Wednesday, July 26, 2017

GOP congressmen call for returning to 19C methods of conflict resolution, only this century, against women, too.


Another Republican congressman has revealed that his fantasies include acts of violence against Republican women senators.

The first was Texas congresscritter Blake Farenthold, who inherited way more money than smarts or morals.

He said he'd like to waddle onto a dueling ground with Senator Susan Collins over his frustrations, which he apparently sublimates in notions throwing millions off health care.

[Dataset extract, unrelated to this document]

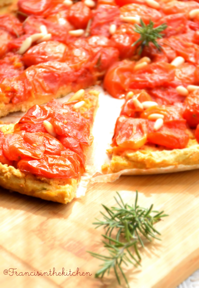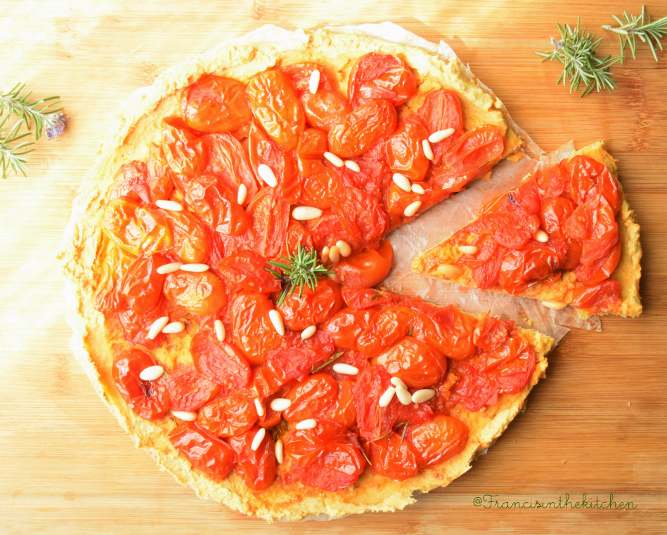 Intanto tirate fuori la base dal forno e versatevi sopra i pomodorini in modo da ricoprire tutta la superficie. Rimettete in forno per 20 minuti poi aggiungete dei pinoli e cuocete ancora in forno per 5 minuti circa con la funzione “solo sotto”. La tatin è pronta: l’unione tra l’acidità dei pomodorini confit ed i ceci vi conquisterà!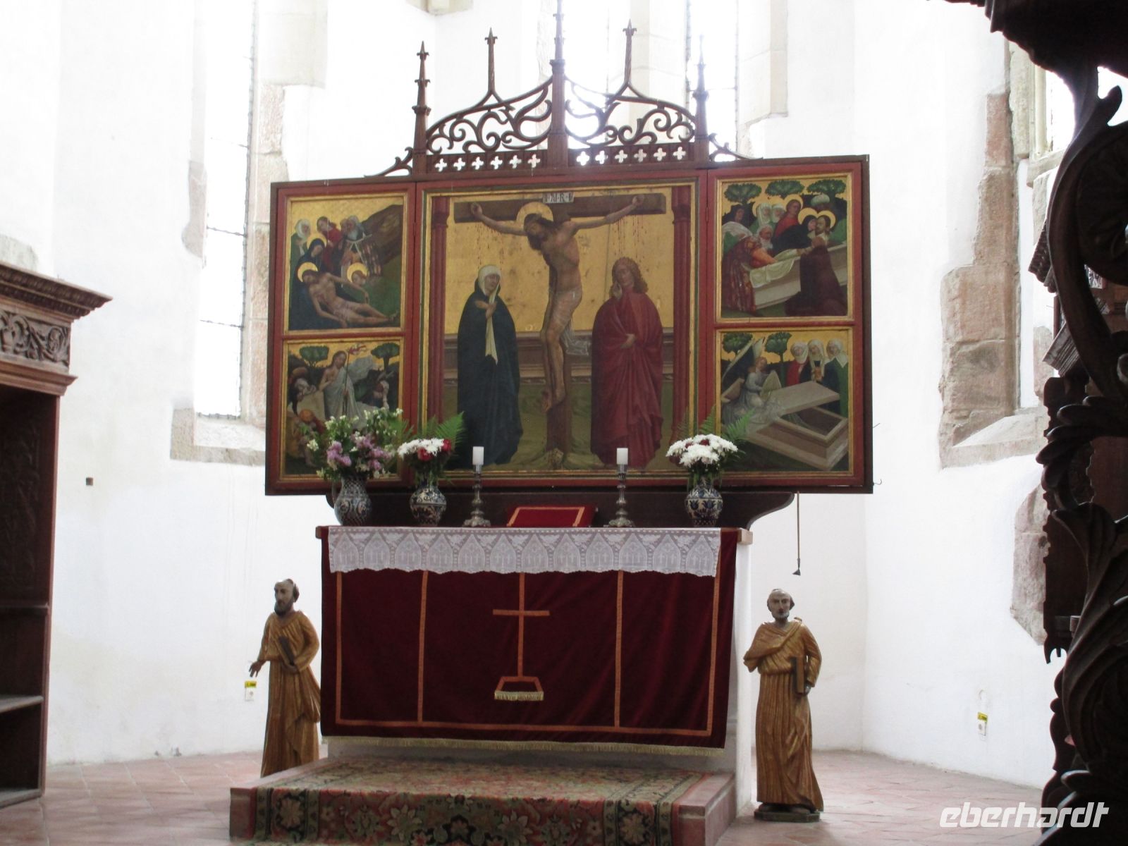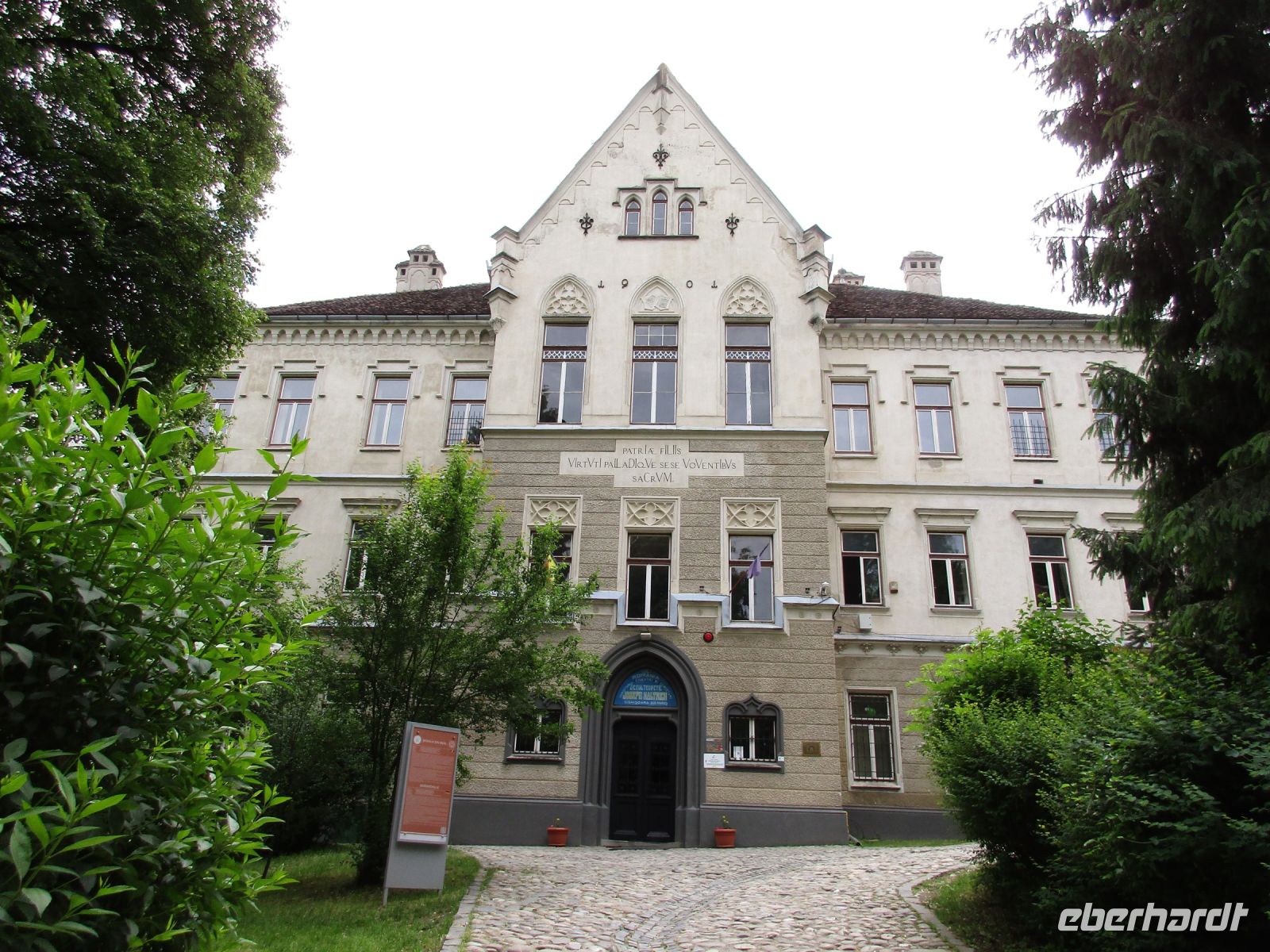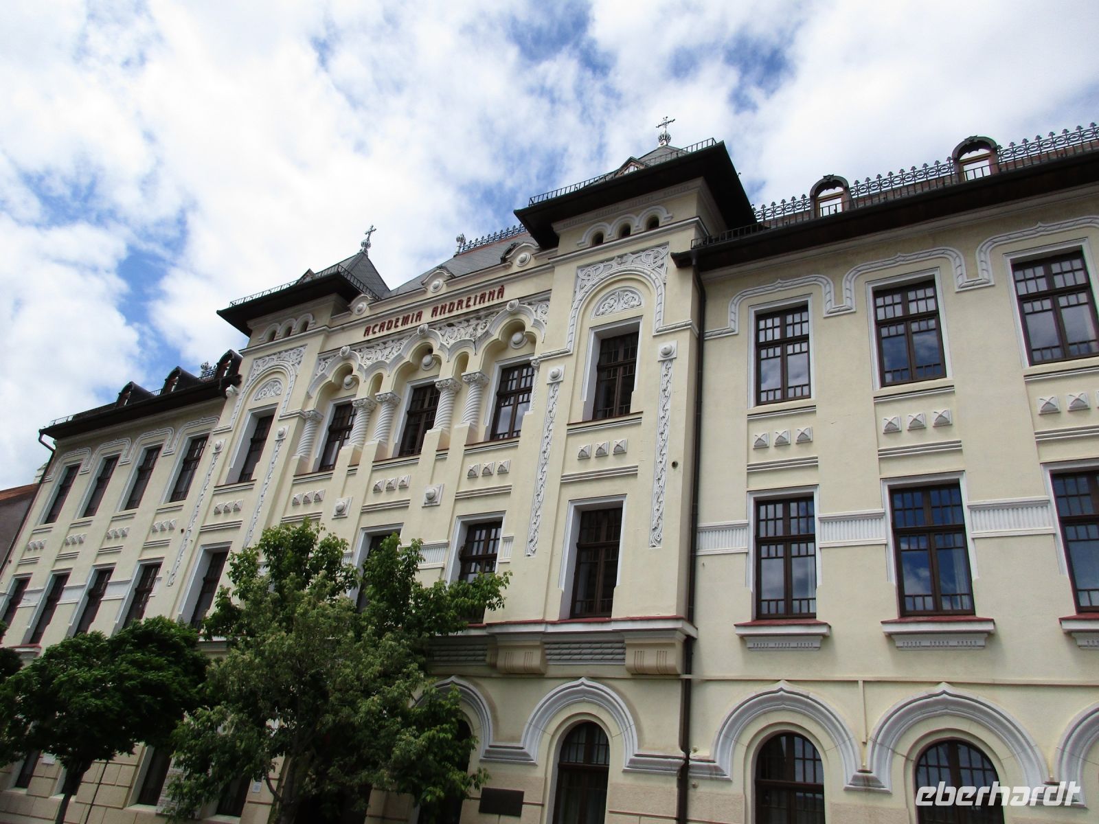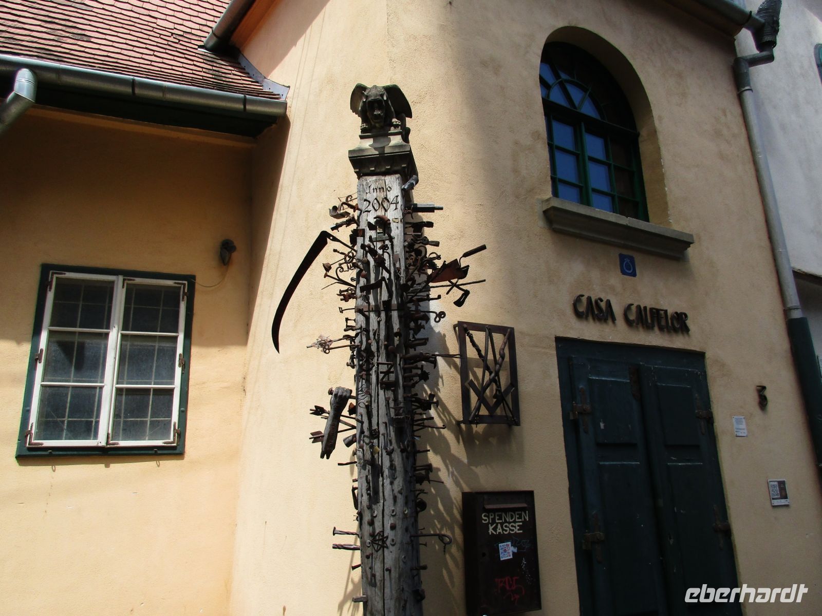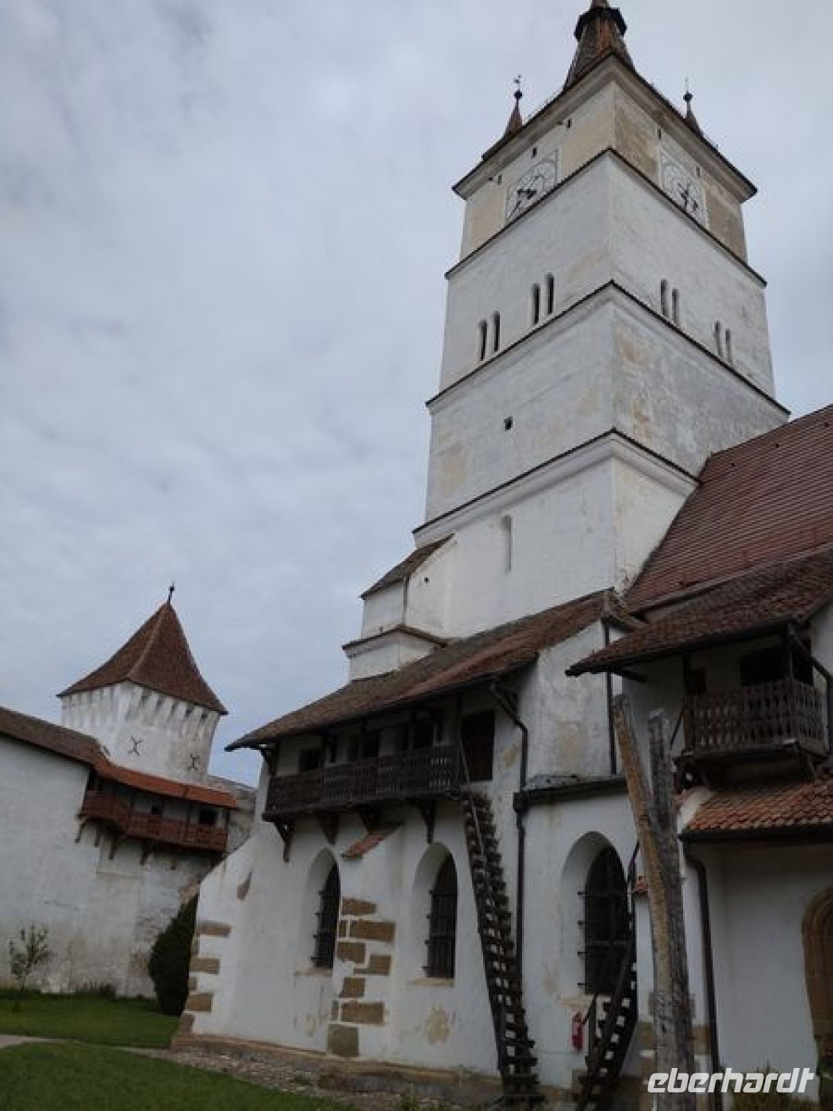 Nach einem kräftigen Frühstück geht es heute wieder mit unseren Koffern weiter Richtung Bistrita. Auf unserem Weg dorthin sehen wir nur noch Ausläufer der Karpaten, dafür wunderschöne Bergwiesen und verschlafene Dörfer wie im Märchen. In einem legen wir einen Stopp ein. Wir sind in Crit, auf Deutsch auch Deutsch-Kreuz genannt. Die Bauernhäuser liegen langgestreckt auseinander und breite Wege führen uns zur Kirche und zum Gasthaus Kraus, das auf einem Hügel mit wunderbarer Aussicht liegt. Einige Gäste versuchen sich an der Tischtennisplatte, andere fotografieren den lauschigen Ort. Auch hier gibt es natürlich eine Wehrkirche mit Ringmauern. Die Kirche ist sehr schlicht, aber liebevoll dekoriert. Eine Liste an der Wand erinnert an die Vertriebenen und Gestorbenen. Nach der Wende ist die Mehrheit der deutschsprachigen Einwohner nach Deutschland ausgewandert. Geblieben sind Roma-Familien, die hier bestgeeignete Bedingungen vorfinden. Uns gefällt der Ort mit seiner prägenden sanften Landschaft. Uns fällt auf, dass es den Störchen in dieser Gegend auch sehr gut gefällt. Jedes Dorf verfügt über mehrere Storchennester. Weiter geht es nach Sighisoara, auch Schäßburg genannt, das seit 1999 zum UNESCO-Weltkulturerbe gehört. Lateinisch hieß die Stadt um 1280 „Castrum Sex“, was auf die Einteilung in sieben Burgen hinweist. Auf der Stadtmauer der Oberstadt befanden sich einst 14 Türme. Angeblich soll jede Zunft für den Bau und den Betrieb eines Turmes verantwortlich gewesen sein. So gibt es den Zinngießerturm, den Schneiderturm, den Eisenschmiedeturm oder den Fleischerturm. Von hier aus bewachte man die Stadt und schützte sie vor den Türken. Sighisoara liegt an der Großen Kokel und besteht aus Oberstadt und Unterstadt. Sie liegt im Kreis Mures, aber immer noch in Siebenbürgen. Hier leben etwa 28 Tsd. Menschen. Der Ort wird nach dem Roman von Bram Stoker eng mit Dracula in Verbindung gebracht, der hier etwa 5 Jahre lang gelebt haben soll. Davon zeugen sein Geburtshaus :)) und eine Statue. Vlad Tepes (Vlad III. Draculea, der Pfähler) war Sohn des Vlad II. Dracul, der Drache. Gegen den Bau eines Dracula-Freizeitparkes hat sich die Bevölkerung vehement gewehrt. Wir meinen, der Dracula-Kult reicht auch so schon. Ich habe mich im Dracula-Haus, wo der Vlad im Sarg liegt und Besucher erschreckt, nett mit ihm unterhalten und zum Abschied „Ruhe sanft“ hat er mir zugewunken. Ein schönes Wahrzeichen der Stadt ist der Stundturm mit Wetterhahn, Uhr und seinem Eingangstor. Er trennt die Oberstadt von der Unterstadt und ist wegen seiner Höhe von 64 m kaum zu übersehen. Wir wollen ja hoch hinaus und erklimmen die gegen Regen und Eis überdachte Schülertreppe aus dem 17. Jhd,, die über 172 Stufen zur berühmten Bergschule, dem Josef-Haltrich-Lyzeum, führt. Die Evangelische Kirche neben der Schule ist geschlossen und so spazieren wir über den malerisch gelegenen Friedhof am Berghang wieder zurück. Nachdem wir alles Wichtige besucht haben und uns gestärkt haben, bringt uns Laurentiu Richtung Targu Mures. Hier leben ungefähr 116 Tsd. Einwohner. Wir erreichen Neumarkt am Mieresch, die Heimatstadt von Zoltan, bei strahlendem Sonnenschein und blauem Himmel, was die schönen Blumenanlagen noch eindrucksvoller präsentiert. Vorbei am Rathaus im Brancoveanu-Stil und der katholischen Kirche gelangen wir zum Kulturpalast. Durch unscheinbare Baugerüste erreichen wir den Kulturpalast der Stadt, der zu Beginn des 20. Jhd. im ungarischen Jugendstil erbaut wurde. Prachtvolle Fenster, viele Mosaike und farbenprächtige Wandgestaltungen im Inneren lassen uns den Atem stocken. Es ist einfach nur schön. Der Kulturpalst beherbergt die Bibliothek und das Museum des Kreises Mures sowie die Staatsphilharmonie. Gerade gibt es eine temporäre Ausstellung privater Gemälde, die wir uns ansehen. Danach spazieren wir zur imposanten orthodoxen Kirche, die zwischen 1925 und 1934 erbaut wurde, und Zoltan führt uns bei der Innenbesichtigung. Der Baustil ist etwas eigen, was auch daran liegt, dass sie erst nach dem Anschluss an Rumänien gebaut wurde und nur über eine kurze eigene Geschichte verfügt. Dennoch ist sie unbedingt sehenswert. Nun verlassen wir die hübsche Stadt und fahren nach Bistrita, wo wir am frühen Abend ankommen. Unser 4-Sterne-Hotel liegt in der Nähe eines Gewerbegebietes, was gar nicht so ungelegen ist für kleine Einkäufe. Nach dem Abendessen erholen wir uns gut und genießen eine gute Nacht.

This afternoon, Georgia Congressman Buddy Carter shamed his family, too:
Carter characterized Trump’s attack as “perfectly fair,” before suggesting that Murkowski and Collins deserve a beating. 
“Lemme tell you, somebody needs to go over there to that Senate and snatch a knot in their ass,” he continued. “I’m telling you, it has gotten to the point where — how can you say I voted for this last year but I’m not gonna vote for it this year. This is extremely frustrating for those of us who have put so much into this effort.”
The Farenthold/Carter jabber awakens memories for American political historians.

In 1856, during debate over the Kansas-Nebraska Act and extending slavery over the Mississippi, Massachusetts Senator Charles Sumner charply criticized South Carolina Senator Andrew Butler, a sponsor of the bill.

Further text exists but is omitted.